» Exercise description:
Copy the records below word for word, from the first line through the line that contains "虽然,小鹏汽车董事长何小鹏回", and leave out any pictures.

» Material supplied:
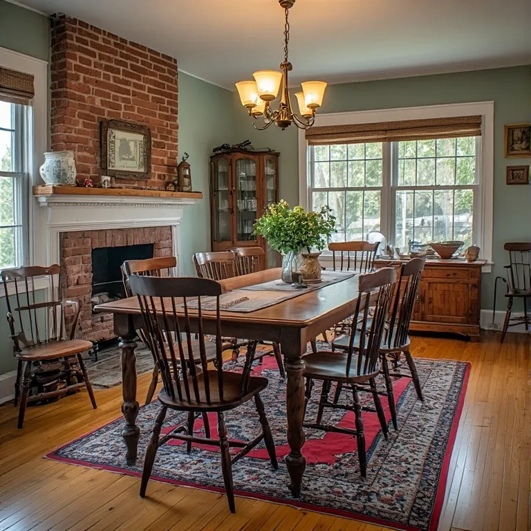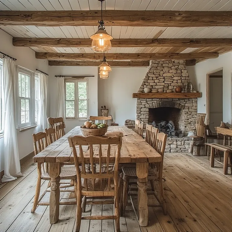 A rustic farmhouse dining room feels warm and welcoming. The fireplace is often made of natural stone or brick. Wooden beams on the ceiling add extra charm. The whole space feels like a countryside retreat.
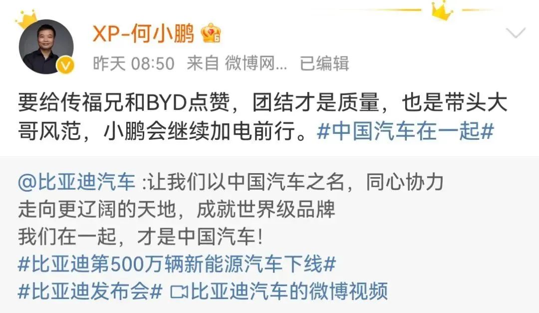 虽然,小鹏汽车董事长何小鹏回应称,要给传福兄和BYD点赞,团结才是质量,也是带头大哥风范,小鹏会继续加电前行。比亚迪可能也想当新能源汽车的带头大哥,但又没完全说。
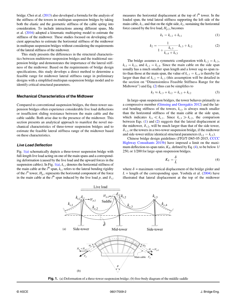 以前的研究人员提出了几种分析方法来分析中主塔的刚度(柴等2012; Choi等人2013; 马等人2016; 吉田等人2004年)。这些作者假定中间桥的刚度由两部分组成:塔的横向弯曲刚度和主缆提供的水平刚度。 吉田等人(2004)定义了主缆弹簧,并忽略了主缆的弹性伸长,从而得出了其明确的表达。柴等人(2012)导出了主缆弹簧的刚度表达式,其取决于桥的垂度比和单位长度重量。Choi等人(2013)还考虑了主缆弹簧弹性刚度和弹簧的几何刚度,开发了一种用于分析多跨悬索桥中的塔架刚度的公式。为了包括不同跨度之间的相互作用,Ma等人 (2016)采用运动学多弹簧模型来估计中塔的刚度。这些研究集中在没有考虑多跨式悬索桥中主塔侧向刚度的要求下发展高效率估算中主塔的水平刚度的有效方法。
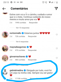 Nos comentários da publicação, Gabriel Medina escreveu, agradecendo a ela pela parceria durante esse tempo, levando a rumores de que o romance conturbado entre os dois havia chegado ao fim.
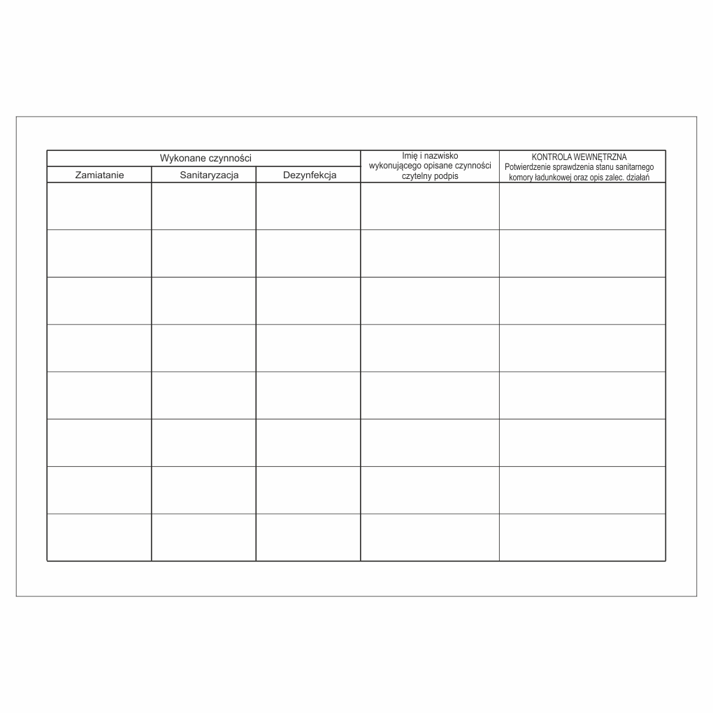 Rejestr mycia i dezynfekcji komory ładunkowej środka transportu
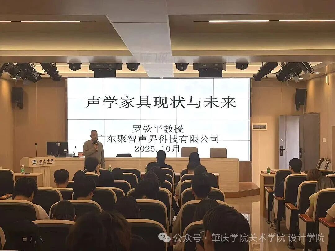 “当家具不止于形态美学,当声学突破技术边界,一场关乎空间、人与声音的设计革命,正在悄然发生。”2025 年 12 月 24 日下午,william威廉中文官网联合举办的专题学术讲座现场座无虚席,广东聚智声界科技有限公司创始人罗钦平教授携《声学家具设计与研究》的深度分享,为现场师生带来了一场兼具学术高度、产业视野与实践价值的思想盛宴,解锁声学与家具融合的无限可能。
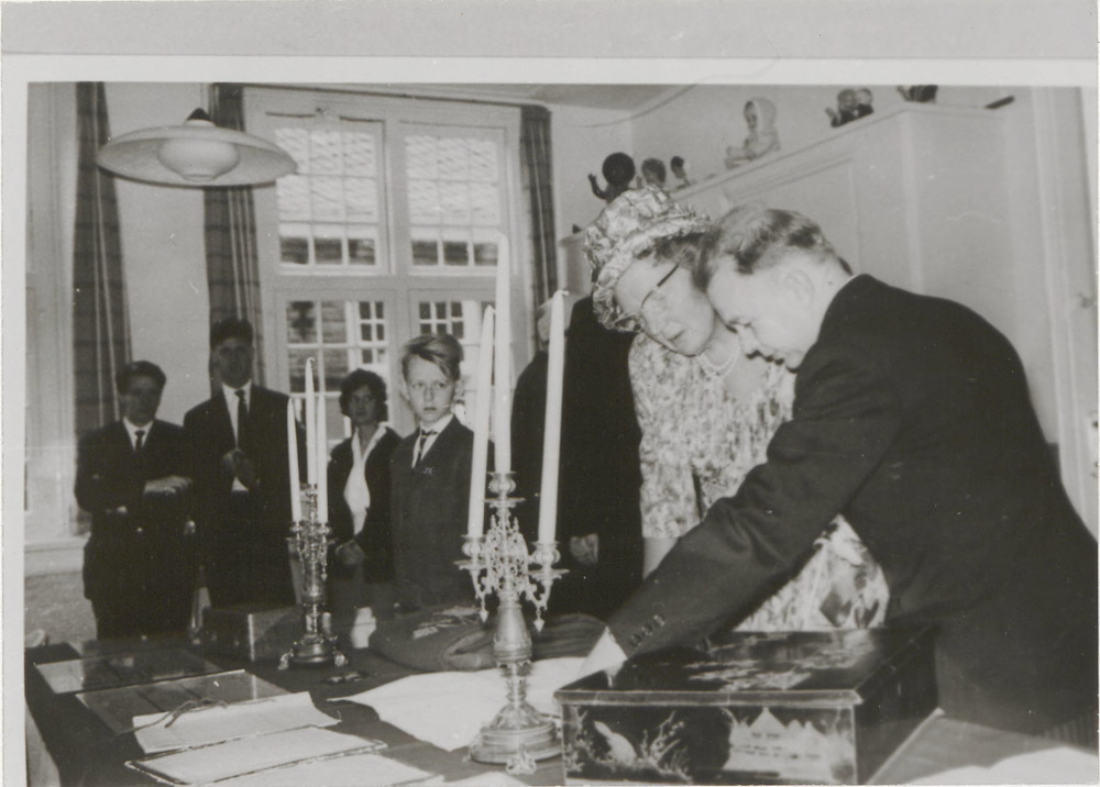 koningin Juliana en dhr. B. Hoekstra in het wees-hui...

» Solution for this problem:
 A rustic farmhouse dining room feels warm and welcoming. The fireplace is often made of natural stone or brick. Wooden beams on the ceiling add extra charm. The whole space feels like a countryside retreat.
 虽然,小鹏汽车董事长何小鹏回应称,要给传福兄和BYD点赞,团结才是质量,也是带头大哥风范,小鹏会继续加电前行。比亚迪可能也想当新能源汽车的带头大哥,但又没完全说。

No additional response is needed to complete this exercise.